彼はふいに、私の名札を指で弾いた。小さな音がした。小さい音ほど胸に残る。
「君の名は、君の魂の名か。会社の名か。 もし会社の名だけなら、君はすでに“弁明”の人生を生きている。 弁明の人生は、いつか裁かれる。裁かれるのは法廷ではない。君自身の夜だ」
その瞬間、彼は人波の中に下りていった。目を追ったが、もう見えない。見えないものほど残酷だ。見えないものほど、後で都合よく物語にされる。
私は物語にしたくなかった。だから、今ここで一つだけ現実を掴もうと思った。
スマートフォンを取り出し、父の施設に電話をかけた。呼び出し音。喉が締まる。締まる喉は感情移入だ。父の老いが、私の喉へ移ってくる。
父が出た。
「……もしもし」
私は、正しい言葉を探さなかった。正しい言葉は清潔すぎる。清潔な言葉ほど残酷だ。代わりに、恥を差し出した。

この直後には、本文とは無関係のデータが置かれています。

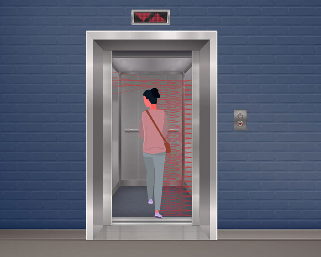 Một trong những cơ chế an toàn quan trọng của cửa thang máy là hệ thống cảm biến phát hiện vật cản. Cảm biến này có nhiệm vụ nhận biết khi có người hoặc vật nằm trong vùng đóng cửa, từ đó gửi tín hiệu để cửa tự động mở lại.

「父さん、俺……しばらく行ってなくて、ごめん。今週、行く。 何を話していいか分からないけど、行く」
沈黙があった。沈黙は怖い。怖い沈黙ほど正しい。そして父が、短く言った。
「……来い」
それだけだった。それだけで、私は胸の奥のどこかが、少しだけほどけるのを感じた。ほどけることは救いではない。救いは甘い。甘い救いは腐る。これは救いではない。手入れだ。魂の手入れの、最初の痛みだ。

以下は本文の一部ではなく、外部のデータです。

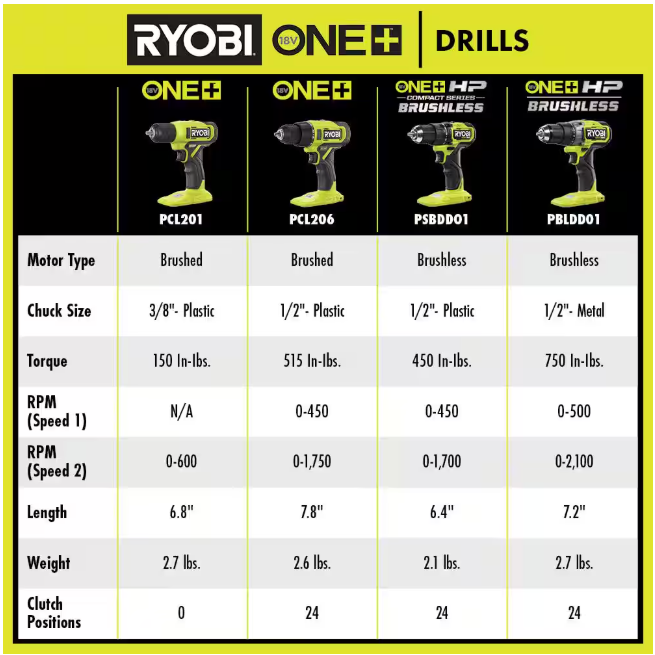 Expand your RYOBI 18V ONE+ System with the 18V ONE+ Cordless 1/2 in. Drill/Driver. The 18V ONE+ Cordless 1/2 in. Drill/Driver comes equipped with a powerful motor that provides 515 in./lbs. of torque. The 2-speed gearbox and 24-position clutch allow you to adjust the torque output to control the depth of the screw or fastener. The 1/2 in. keyless ratcheting clutch delivers secure bit retention for all your drilling and driving needs. The on-board LED worklight creates additional visibility for all of your projects. Best of all, it is part of the RYOBI 18V ONE+ System of over 300 Cordless Products that all work on the same battery platform. This 18V ONE+ 1/2 in. Drill/Driver is backed by the RYOBI 3-Year Manufacturer's Warranty and includes (1) PCL206 18V ONE+ 1/2 in. Drill/Driver and Operator's Manual. Battery and charger sold separately.

渋谷の群衆は、相変わらず白い線の上を渡っていた。秩序は美しい。美しい秩序ほど危険だ。だがその危険の中で、私は一つだけ確かめた。
問いは、まだこの国に刺さる。刺さる痛みがある限り、魂は眠りきらない。そして眠りきらない限り、評価ではなく、呼吸としての“生”が続く。
ソクラテスが去ったあと、交差点の白は、少しだけ汚れて見えた。その汚れが、私には初めて、希望に似ていた。